Although the data below contains pictures, output only the lines between those holding "You can print" and "8η (9/12): ΑΕΚ", inclusive, exactly and without those pictures.

··· INPUT FOR THIS TASK ···

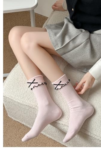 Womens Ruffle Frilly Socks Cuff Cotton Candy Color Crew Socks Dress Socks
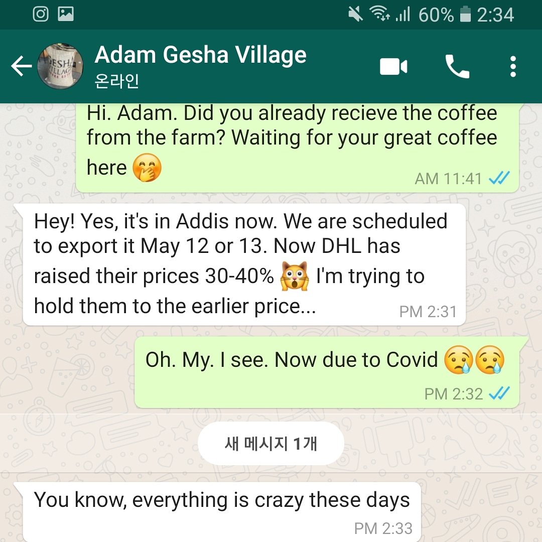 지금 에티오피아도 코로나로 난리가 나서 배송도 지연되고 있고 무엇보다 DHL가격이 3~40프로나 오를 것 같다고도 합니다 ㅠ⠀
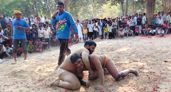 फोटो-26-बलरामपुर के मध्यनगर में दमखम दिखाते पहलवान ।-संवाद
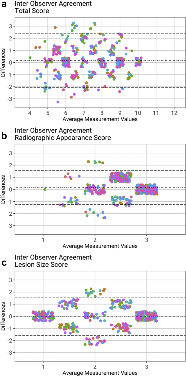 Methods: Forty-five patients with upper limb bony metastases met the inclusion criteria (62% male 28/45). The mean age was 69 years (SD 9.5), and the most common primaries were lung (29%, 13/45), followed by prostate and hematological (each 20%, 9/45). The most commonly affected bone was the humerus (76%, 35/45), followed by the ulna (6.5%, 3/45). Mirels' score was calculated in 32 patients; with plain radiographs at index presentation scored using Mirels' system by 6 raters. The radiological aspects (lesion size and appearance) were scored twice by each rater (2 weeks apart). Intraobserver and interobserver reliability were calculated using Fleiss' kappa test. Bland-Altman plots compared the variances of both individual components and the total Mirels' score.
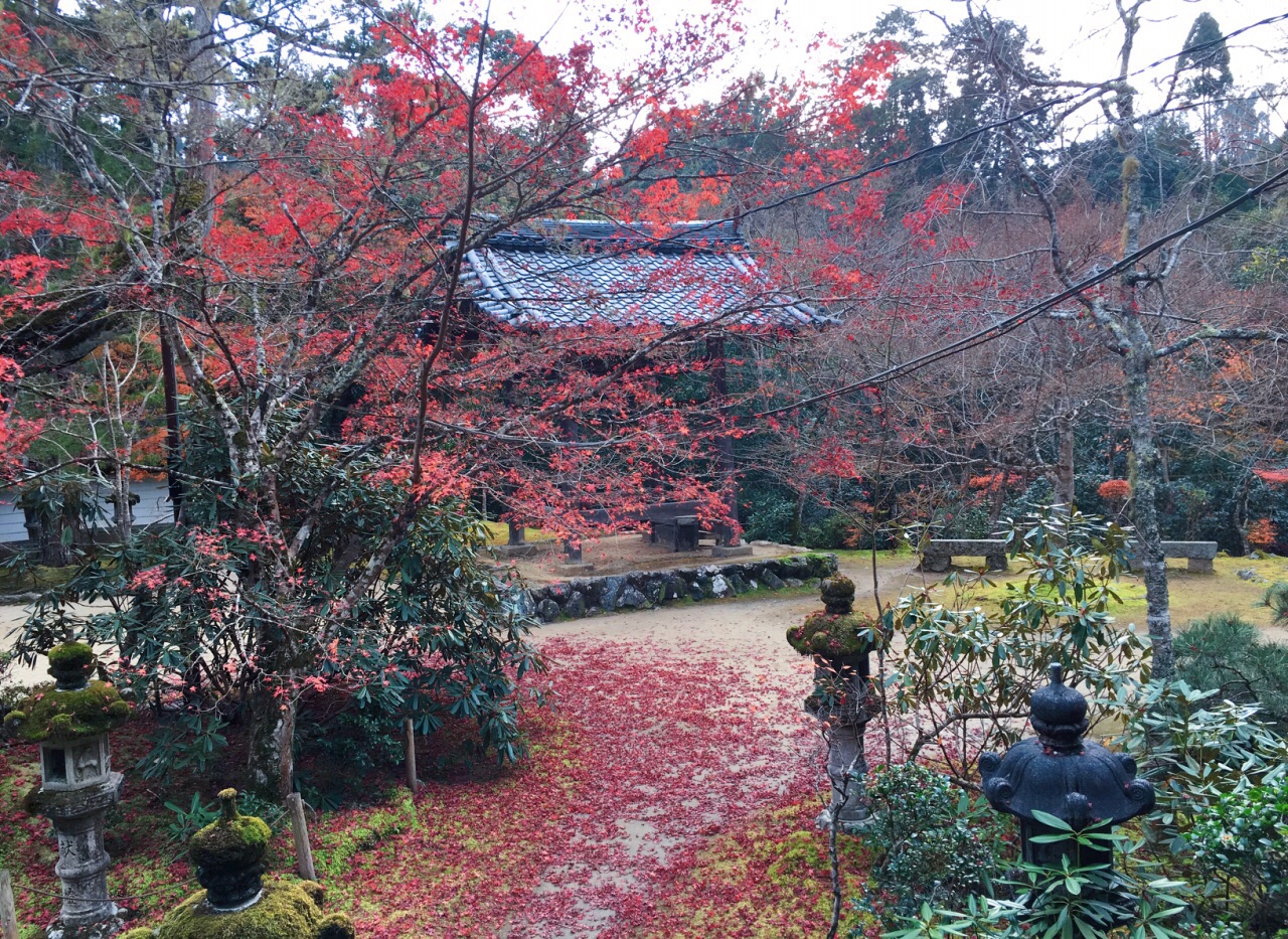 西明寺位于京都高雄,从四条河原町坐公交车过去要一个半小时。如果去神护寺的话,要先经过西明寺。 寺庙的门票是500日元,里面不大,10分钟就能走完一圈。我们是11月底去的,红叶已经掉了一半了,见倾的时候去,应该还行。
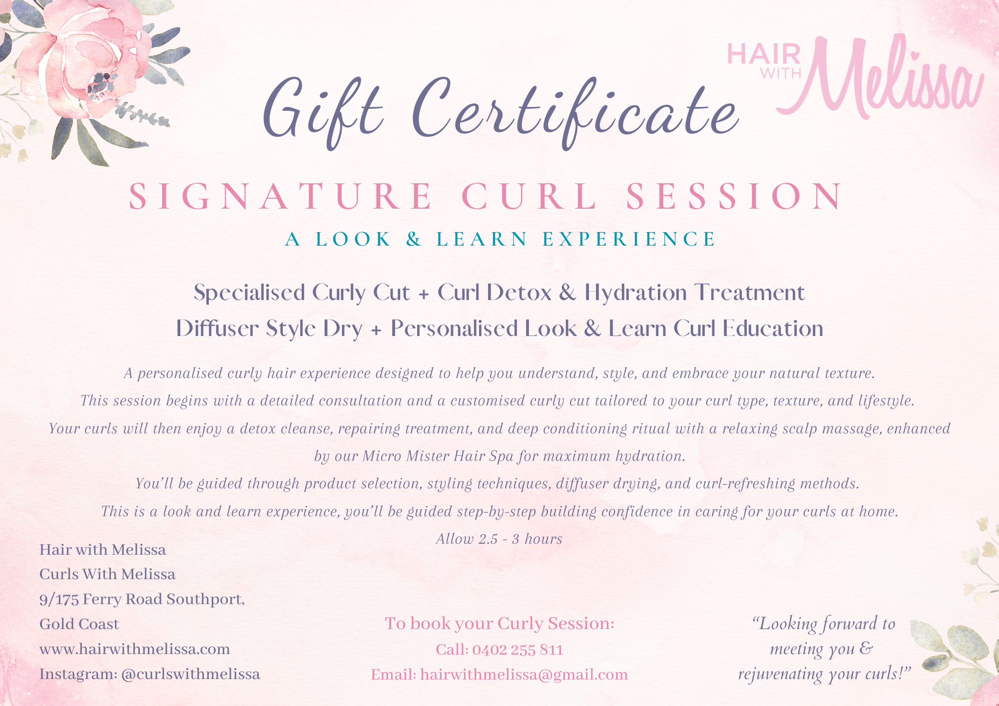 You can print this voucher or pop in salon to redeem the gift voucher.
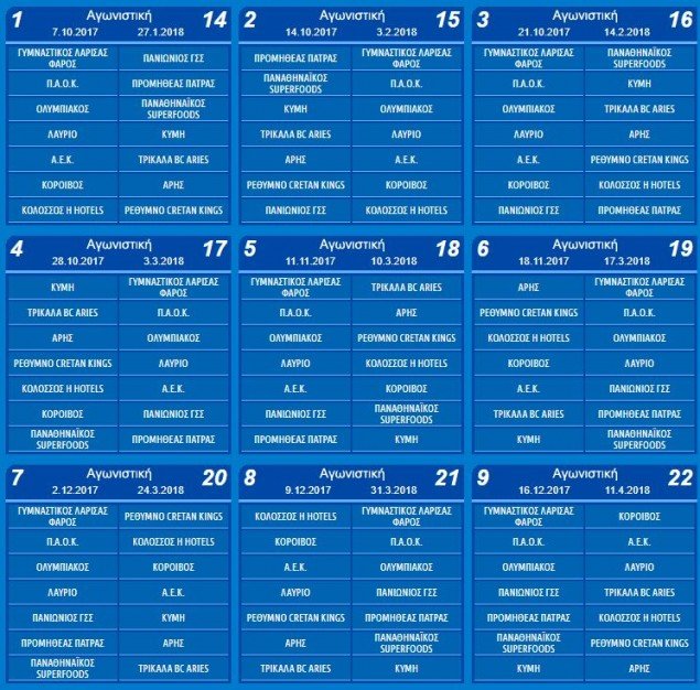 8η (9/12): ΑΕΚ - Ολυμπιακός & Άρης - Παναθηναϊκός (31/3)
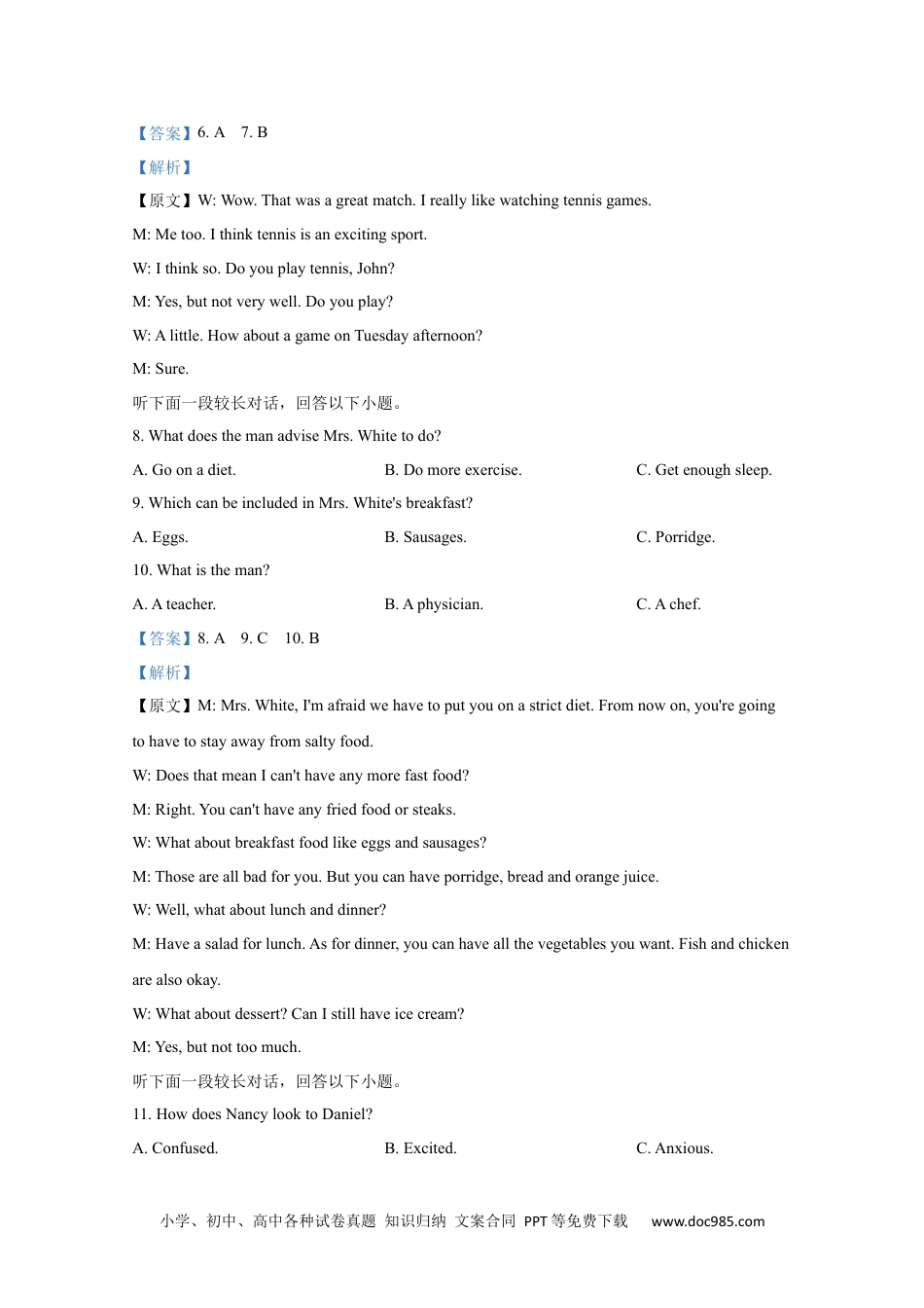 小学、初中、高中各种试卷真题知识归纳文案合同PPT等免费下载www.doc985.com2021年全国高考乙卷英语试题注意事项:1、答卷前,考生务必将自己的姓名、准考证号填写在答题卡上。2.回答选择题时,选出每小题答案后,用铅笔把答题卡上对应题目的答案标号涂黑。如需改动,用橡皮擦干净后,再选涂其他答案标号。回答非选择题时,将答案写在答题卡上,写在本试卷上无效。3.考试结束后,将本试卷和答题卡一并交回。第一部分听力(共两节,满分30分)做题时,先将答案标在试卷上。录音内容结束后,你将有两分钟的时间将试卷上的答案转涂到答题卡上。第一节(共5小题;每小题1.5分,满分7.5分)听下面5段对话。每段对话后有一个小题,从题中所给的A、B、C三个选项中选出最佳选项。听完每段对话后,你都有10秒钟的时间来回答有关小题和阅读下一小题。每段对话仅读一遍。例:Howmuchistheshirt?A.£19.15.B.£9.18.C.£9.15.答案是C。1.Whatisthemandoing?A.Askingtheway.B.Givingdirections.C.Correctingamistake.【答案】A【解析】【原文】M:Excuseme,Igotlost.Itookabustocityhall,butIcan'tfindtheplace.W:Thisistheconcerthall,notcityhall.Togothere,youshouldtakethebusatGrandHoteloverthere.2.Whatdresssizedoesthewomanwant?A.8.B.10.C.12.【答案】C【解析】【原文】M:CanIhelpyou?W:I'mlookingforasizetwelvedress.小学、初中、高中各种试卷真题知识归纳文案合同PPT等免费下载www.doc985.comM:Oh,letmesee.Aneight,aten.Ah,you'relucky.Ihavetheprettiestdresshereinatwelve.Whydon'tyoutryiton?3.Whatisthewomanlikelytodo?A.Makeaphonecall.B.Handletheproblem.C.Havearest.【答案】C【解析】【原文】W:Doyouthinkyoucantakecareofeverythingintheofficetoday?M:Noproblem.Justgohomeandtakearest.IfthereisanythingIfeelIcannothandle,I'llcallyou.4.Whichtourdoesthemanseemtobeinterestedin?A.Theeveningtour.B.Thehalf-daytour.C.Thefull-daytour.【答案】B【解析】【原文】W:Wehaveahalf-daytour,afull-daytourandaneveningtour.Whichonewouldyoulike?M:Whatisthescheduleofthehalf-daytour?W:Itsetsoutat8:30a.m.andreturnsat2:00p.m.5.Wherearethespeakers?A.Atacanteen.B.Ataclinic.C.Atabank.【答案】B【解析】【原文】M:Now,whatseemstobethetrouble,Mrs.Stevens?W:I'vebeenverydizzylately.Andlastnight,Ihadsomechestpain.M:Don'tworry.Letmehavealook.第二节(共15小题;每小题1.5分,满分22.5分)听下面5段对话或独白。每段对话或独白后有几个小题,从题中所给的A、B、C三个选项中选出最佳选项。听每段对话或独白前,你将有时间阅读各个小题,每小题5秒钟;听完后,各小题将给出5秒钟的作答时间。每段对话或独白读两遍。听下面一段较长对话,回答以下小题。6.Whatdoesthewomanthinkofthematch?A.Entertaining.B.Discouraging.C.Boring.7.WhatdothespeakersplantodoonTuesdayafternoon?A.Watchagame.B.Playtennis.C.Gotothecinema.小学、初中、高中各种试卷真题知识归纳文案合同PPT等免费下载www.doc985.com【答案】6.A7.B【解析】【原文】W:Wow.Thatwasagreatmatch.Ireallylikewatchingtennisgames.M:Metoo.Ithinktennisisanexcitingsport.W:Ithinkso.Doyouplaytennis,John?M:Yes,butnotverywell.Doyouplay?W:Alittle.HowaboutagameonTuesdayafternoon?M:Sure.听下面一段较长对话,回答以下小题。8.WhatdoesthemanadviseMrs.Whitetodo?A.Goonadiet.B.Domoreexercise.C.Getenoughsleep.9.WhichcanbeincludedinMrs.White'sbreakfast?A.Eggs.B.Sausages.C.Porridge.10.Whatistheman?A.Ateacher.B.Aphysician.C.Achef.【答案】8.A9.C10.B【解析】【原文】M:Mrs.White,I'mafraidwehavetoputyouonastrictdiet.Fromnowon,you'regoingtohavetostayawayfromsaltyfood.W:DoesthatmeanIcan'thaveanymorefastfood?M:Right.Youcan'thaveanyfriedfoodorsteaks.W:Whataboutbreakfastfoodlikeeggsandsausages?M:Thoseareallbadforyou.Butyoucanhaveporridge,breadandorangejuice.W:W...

···

ANSWER SPACE:
 You can print this voucher or pop in salon to redeem the gift voucher.
 8η (9/12): ΑΕΚ - Ολυμπιακός & Άρης - Παναθηναϊκός (31/3)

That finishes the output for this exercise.